Collection entries
--

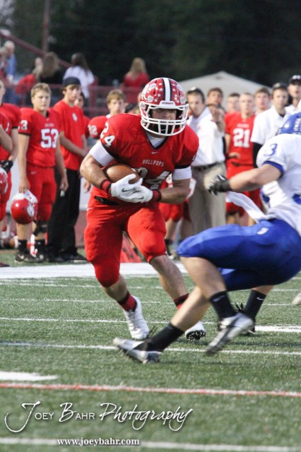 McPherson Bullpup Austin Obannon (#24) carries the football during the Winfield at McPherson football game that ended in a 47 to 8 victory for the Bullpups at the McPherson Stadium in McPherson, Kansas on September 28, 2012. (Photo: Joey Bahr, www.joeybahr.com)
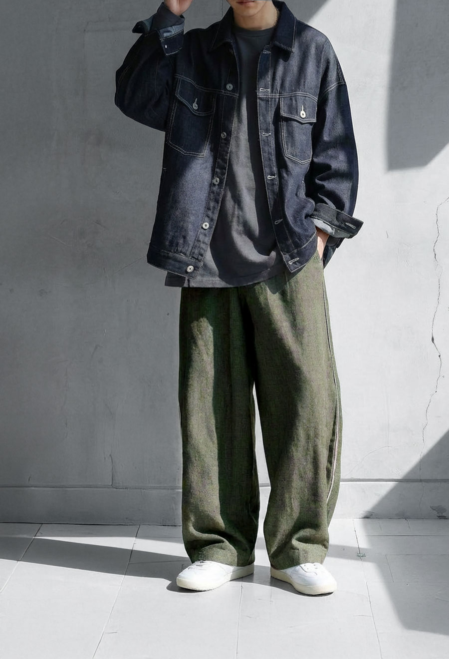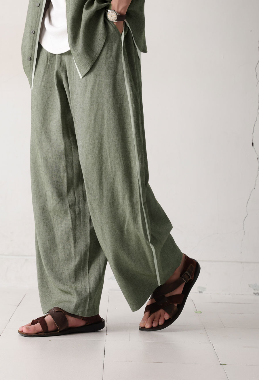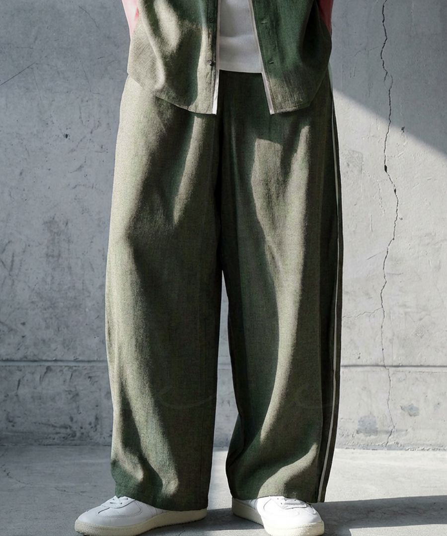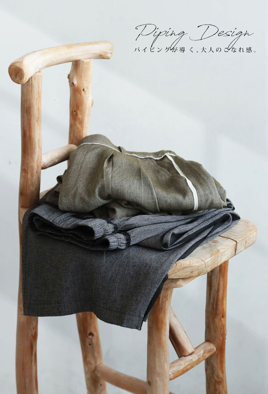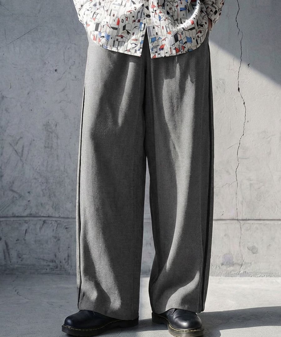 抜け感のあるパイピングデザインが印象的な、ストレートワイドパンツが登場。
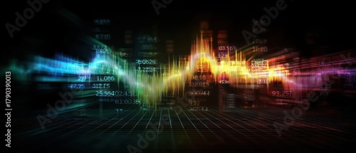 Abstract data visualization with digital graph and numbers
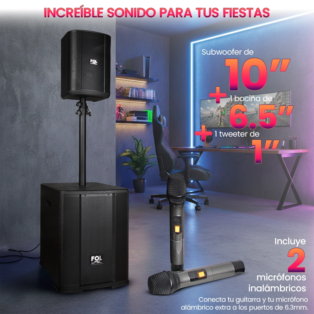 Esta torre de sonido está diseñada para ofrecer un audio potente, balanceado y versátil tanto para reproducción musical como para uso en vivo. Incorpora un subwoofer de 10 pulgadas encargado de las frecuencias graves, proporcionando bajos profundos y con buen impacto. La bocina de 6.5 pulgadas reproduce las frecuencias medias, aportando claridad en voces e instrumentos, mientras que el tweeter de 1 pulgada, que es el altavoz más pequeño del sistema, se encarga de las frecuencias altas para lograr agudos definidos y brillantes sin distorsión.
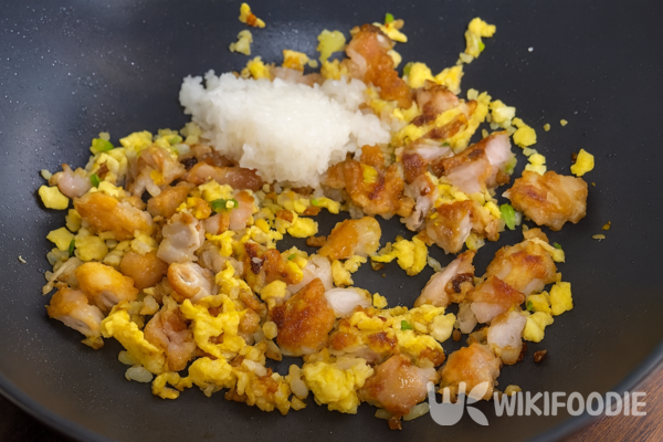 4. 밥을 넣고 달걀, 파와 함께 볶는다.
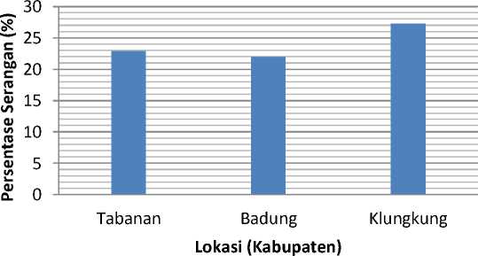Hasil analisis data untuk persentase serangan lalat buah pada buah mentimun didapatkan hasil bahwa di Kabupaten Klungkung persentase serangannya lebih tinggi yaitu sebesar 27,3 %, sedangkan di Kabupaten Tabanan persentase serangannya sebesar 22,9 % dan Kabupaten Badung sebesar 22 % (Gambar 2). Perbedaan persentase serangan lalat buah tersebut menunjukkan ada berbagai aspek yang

--

▶ _REQUIRED ACTION_
Without the pictures, reproduce the entries exactly.

▶ _SOLUTION TO THE PROBLEM_
 McPherson Bullpup Austin Obannon (#24) carries the football during the Winfield at McPherson football game that ended in a 47 to 8 victory for the Bullpups at the McPherson Stadium in McPherson, Kansas on September 28, 2012. (Photo: Joey Bahr, www.joeybahr.com)
 抜け感のあるパイピングデザインが印象的な、ストレートワイドパンツが登場。
 Abstract data visualization with digital graph and numbers
 Esta torre de sonido está diseñada para ofrecer un audio potente, balanceado y versátil tanto para reproducción musical como para uso en vivo. Incorpora un subwoofer de 10 pulgadas encargado de las frecuencias graves, proporcionando bajos profundos y con buen impacto. La bocina de 6.5 pulgadas reproduce las frecuencias medias, aportando claridad en voces e instrumentos, mientras que el tweeter de 1 pulgada, que es el altavoz más pequeño del sistema, se encarga de las frecuencias altas para lograr agudos definidos y brillantes sin distorsión.
 4. 밥을 넣고 달걀, 파와 함께 볶는다.
Hasil analisis data untuk persentase serangan lalat buah pada buah mentimun didapatkan hasil bahwa di Kabupaten Klungkung persentase serangannya lebih tinggi yaitu sebesar 27,3 %, sedangkan di Kabupaten Tabanan persentase serangannya sebesar 22,9 % dan Kabupaten Badung sebesar 22 % (Gambar 2). Perbedaan persentase serangan lalat buah tersebut menunjukkan ada berbagai aspek yang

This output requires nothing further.